En la muerte del muy curioso personaje y cineasta, Jesús Franco, recupero esta reseña de su libro, Memorias del tío Jess (Aguilar, 2004), que, bajo el título «Cascarrabias en campaña», publiqué en Heraldo de Aragón el 10 de febrero de 2005.
Resulta confortante leer las memorias de alguien que no quiere darnos una imagen sino reivindicar lo suyo con la misma pasión que lo haría en una conversación de bar o en una tenida familiar de Nochebuena. Uno está cansado de tantos ecuánimes consagradillos que al acercarse a los setenta, deciden perdonarse sus desmanes dialécticos juveniles, sus drogadas y sus borracheras y hablarnos ex cátedra -con el distanciamiento que, a lo peor, da el tener nietos- de la novela social, de mayo del 68, de los novísimos, de lo amigos que fueron de Benet, Octavio Paz o Gil de Biedma y de lo amigos que son ahora de Gimferrer –rarillo pero encantador-, de Rosa Regás y, of course, de Juan Cruz, pequeñajo y con esa voz, pero buena gente. A quienes fueron muy amigos suyos pero no están en el canon, se les borra de las memorias y a otra cosa. También conocieron al cura-duque Aguirre, al que siempre dejan entre Pinto y Valdemoro, a la policía franquista, que les fastidiaba pero no les solía pegar porque no eran pobres -¡qué vamos a hacer!- a Cela, que era muy mala persona… Pero sobre todo, y sibilinamente, encajan vaticanas puyas a quienes les hicieron una faena, hablaron mal de ellos en sabe Dios dónde o en, suma, les deben algo.

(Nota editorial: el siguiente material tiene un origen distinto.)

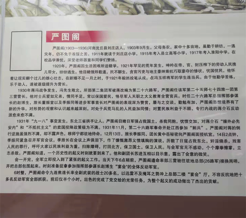 據(jù)了解,為了緬懷革命先烈,嚴(yán)圖閣烈士犧牲之地——湖南平江蘆頭已被打造成為紅色黨性教育基地。(相關(guān)文字報道及視頻,周口報業(yè)傳媒集團將陸續(xù)推出。)③2

Este Jesús Franco, que ya ha sobrepasado los setenta, nos habla, en cambio, desde su verdad, con la pujanza que da el creerse víctima de una injusticia, asumiendo sus excesos y sus carencias, poniendo a parir a Fulanico si lo considera un imbécil y sin pararse a considerar si le conviene o no hablar mal bien de éste y del otro. Porque ¡qué cosa más triste que un consagradillo, alrededor de los setenta, teniendo que adaptar sus fobias y filias a lo que manda la corrección cultural! Jesús Franco está tan poco en esa banda que hasta aparece como emblema en los habitualmente divertidos libros sobre la cultura basura.

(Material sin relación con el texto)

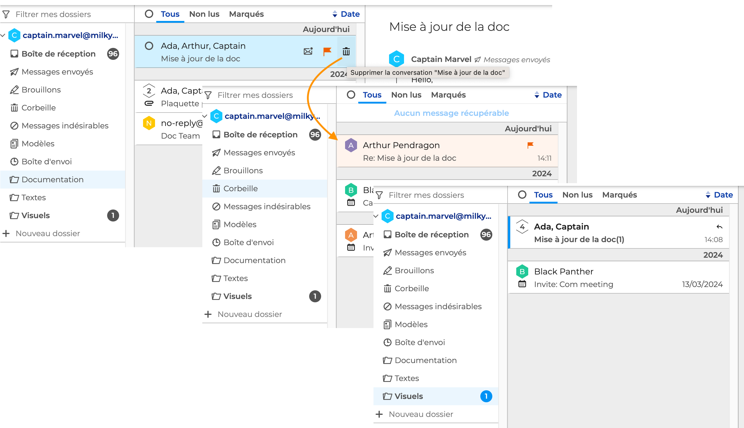 Par exemple ici, la conversation du dossier "Documentation" est placée dans la corbeille. Le message appartenant au dossier "Documentation" est dans la corbeille. La conversation est toujours visible dans le dossier "Visuels" mais sans le message placé dans la corbeille.

Pero es que la vida de Jesús Franco tiene, además, evidente interés desde su adolescencia de postguerra en el seno de una familia burguesa venida a menos, hasta su colaboración en los sesenta con Orson Welles, que es el periodo que trata el libro, dedicando muy poco espacio a su última etapa, la de furioso realizador de películas pavorosas, que además pueden divertir, por distintas razones, tanto a infradotados como a superdotados. “No sigas por ahí, que te pierdes” me dice mi gusano de la conciencia que es freaky pero sensato. 191 películas, en su mayoría filmadas fuera de España, llevaba el cineasta madrileño el 2 de agosto, y eso que empezó tarde. Ni los realizadores del cine mudo…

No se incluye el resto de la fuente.